Bridge and Flickering Light at Newport, 1998

oil on board

36” x 48”

Dunes Northward

oil on masonite

48" x 36"

 * EXTENDED Thru Saturday 06/14/16 *

Rogue River

watercolor

21 1/4" x 28"

Erik Sandgren, painter and printmaker
Roger Hull, Senior Faculty Curator at the Hallie Ford Museum of Art in Salem, Oregon which is presenting the concurrent show, Nelson Sandgren: An Artist’s Life, May 14 - July 17, 2016, and publishing a new book on the artist.

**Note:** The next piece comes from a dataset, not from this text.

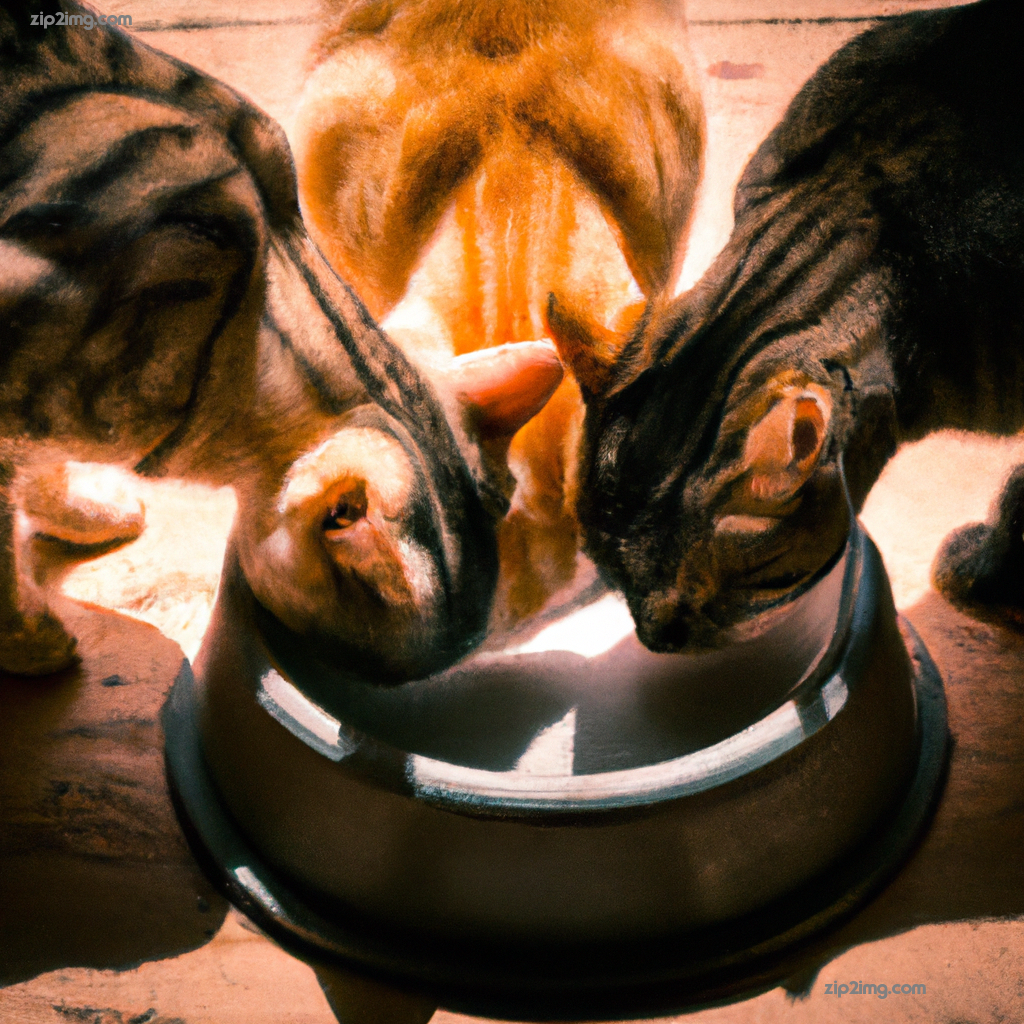 A warm color photograph of three cats sharing a waterbowl
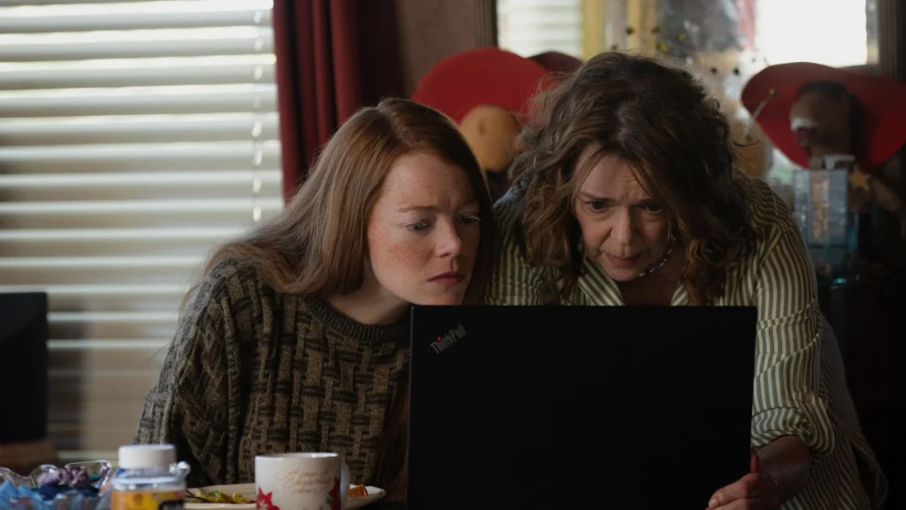 A família é considerada — principalmente por uma ótica religiosa — uma instituição basilar da sociedade ocidental. Os grupos de interesse mais conservadores a instrumentalizam para defender suas pautas políticas e justificar os problemas sociais argumentando que há uma verdadeira conspiração com o plano de destruí-las, o que é uma grande bobagem. Intrigante como em Eddington existe uma disfuncionalidade causada pelo adoecimento mental de alguns indivíduos, que, por sua vez, é causado pela relação parassocial com a internet, mas não pela desconstrução dos símbolos clássicos religiosos familiares, mas pelo próprio caráter conspiratório da defesa dos costumes e das instituições. Ted Garcia é um pai de origem hispânica — outra ascendência muito presente no Novo México — que foi abandonado pela esposa, mas que, apesar de essa grande questão estar presente no ar, vive uma relação muito saudável com seu filho Eric (Matt Gomez Hidaka) o que contrasta com Joe Cross que, apesar de lunático, está camadas abaixo de sua sogra Dawn (Deirdre O’Connell) e sua esposa traumatizada Louise (Emma Stone), e tenta alcançar o nível de loucura delas para ser amado novamente. Joaquin Phoenix é um ator fantástico, principalmente trabalhando com James Gray e Paul Thomas Anderson, mas que nos últimos anos interpretou personagens muito parecidos ao que fez em Coringa. Joe Cross, apesar de carregar uma insegurança latente e um certo nível de loucura, nunca se torna um coitado. Seus atos vis, mesmo movidos pelo emocional, são executados de forma racional e premeditada. É a grande atuação do filme, mas poderia destacar também as próprias Stone e O’Connell, além do Austin Butler que faz muito em pouco tempo de tela.

Nelson Sandgren taught art at Oregon State University from 1948-1986 and remains important in Northwest art history.
Sandgren wrote:
"Throughout all my work I have had faith in the object and it has provided constant motivation for all my compositions in oil, watercolor, lithography, and drawing. This interest and faith has fed me a continual stream of ideas, and I have been particularly fortunate, therefore, to experience unwaning desire to work."

Florence, 1946

oil on canvas

23 1/4" x 23 1/4"

North Pacific at Seal Rock, 1961

watercolor

21 1/2" x 29 1/2"

Industrial, c. 1950

oil on canvas

24" x 30"


Nelson Sandgren (1917-2006)
Profile of a Painter

by Erik Sandgren


Storm? Get to the coast! Grab your rain jacket, stocking hat and a stack of 150 lb. watercolor paper: full sheets clipped to plywood. Toss the sawed-off card-table into the van on top of the old backpack filled with tubes of watercolor and a palette or two, balsa sticks and plastic egg trays full of moist pigments... oh, and the brushes. ...and a sleeping bag! - just in case the weather’s really good for it... just short of rain is best, but whatever... the wind makes for bigger waves. Hope the seas are big and airborne foam swirls around the headlands... oh and the thermos of coffee. Who wants those formula sky washes anyway!  Work in rich patches of color dug out of the plastic egg cartons with a bristle brush. Water spots won’t spoil the painting - they certify it was done on site in the hurly burly of weather and a feeling of utter freedom. Thus, Nelson kept alive his feeling for untrammeled nature - a sensibility never lost by the Chicago boy who came west in the Great Depression.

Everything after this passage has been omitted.